Very cool, looks kinda like a plate of some funky pretzels though


----------



## Aliaysonfire (Dec 18, 2012)

cowboyhermit said:


> Very cool, looks kinda like a plate of some funky pretzels though


Thank you!


----------



## Boomy (Mar 17, 2012)

Good job!


----------



## Aliaysonfire (Dec 18, 2012)

ya- there will be more of these lil guys- these will be up for trading at the swap meet as well...hint hint~


----------



## bigtrain2020 (Mar 20, 2013)

Aliaysonfire said:


> ya- there will be more of these lil guys- these will be up for trading at the swap meet as well...hint hint~


Swap meet? Where does this take place?


----------



## Boomy (Mar 17, 2012)

She's trying to set one up in the Houston area. Meet-n-greet and trade preper items...


----------



## bigtrain2020 (Mar 20, 2013)

That sounds pretty cool actually. I have been toying with the idea for the last year or so on starting an off the grid R&D group.


----------



## cnsper (Sep 20, 2012)

The problem with stuff like that is that it is only waterproof for a short period of time. You see, water wicks up the wood so in an area exposed to high humidity for a period of time they may not work at all. 

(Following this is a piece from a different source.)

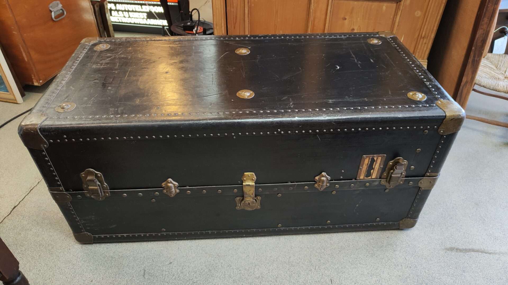 De kist is meer dan 100 jaar oud, maar verkeert in goede staat. De koffer is zwart leder afgezet met nagels, scharnieren en sloten. Aan de binnenzijde zitten lades met spanbanden, een hanggedeelte wat naar buiten kan worden getrokken, zakjes voor sokken e.d. en 2 open vakken.

If you fall out of your canoe and it takes you 30 minutes to get your gear out of the water you are probably ok. If you are hurt and unable to get it out of the water until the next day, you may be out of luck.

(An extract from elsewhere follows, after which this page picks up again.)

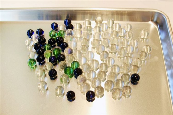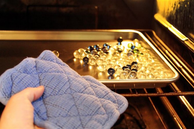 Розкладіть скляні кульки на деко і відправте в духовку, розігріту до 250 °С на 20 хвилин.

Waterproof is not the correct terminology but should be water resistant. Commercial ones are named wrong too. Just be aware that "waterproof" matches are not all they are cracked up to be.


----------



## Aliaysonfire (Dec 18, 2012)

cnsper said:


> The problem with stuff like that is that it is only waterproof for a short period of time. You see, water wicks up the wood so in an area exposed to high humidity for a period of time they may not work at all.
> 
> If you fall out of your canoe and it takes you 30 minutes to get your gear out of the water you are probably ok. If you are hurt and unable to get it out of the water until the next day, you may be out of luck.
> 
> Waterproof is not the correct terminology but should be water resistant. Commercial ones are named wrong too. Just be aware that "waterproof" matches are not all they are cracked up to be.


Didnt know that- but damn what a kill joy lol!


----------



## WWhermit (Mar 1, 2012)

Put those matches in a little ziploc, and you'll be good to go.


----------



## Aliaysonfire (Dec 18, 2012)

WWhermit said:


> Put those matches in a little ziploc, and you'll be good to go.


I left one sit in a cup of water for 4 hrs and it didn't have a problem lighting.  pretty cool. It didn't seem to be affected by it at all.


----------



## cowboyhermit (Nov 10, 2012)

Yeah, I didn't want to argue but if the wax soaks into the wood a bit it can be a darn effective water proofing.


----------



## Aliaysonfire (Dec 18, 2012)

cowboyhermit said:


> Yeah, I didn't want to argue but if the wax soaks into the wood a bit it can be a darn effective water proofing.


I'd did several dips for each match. Like, I'd dip it initially and let it it and dry...then do it two more times and then a 3rd time- all the ones I have made in that setting and dropped them all in so they have several layers around them


----------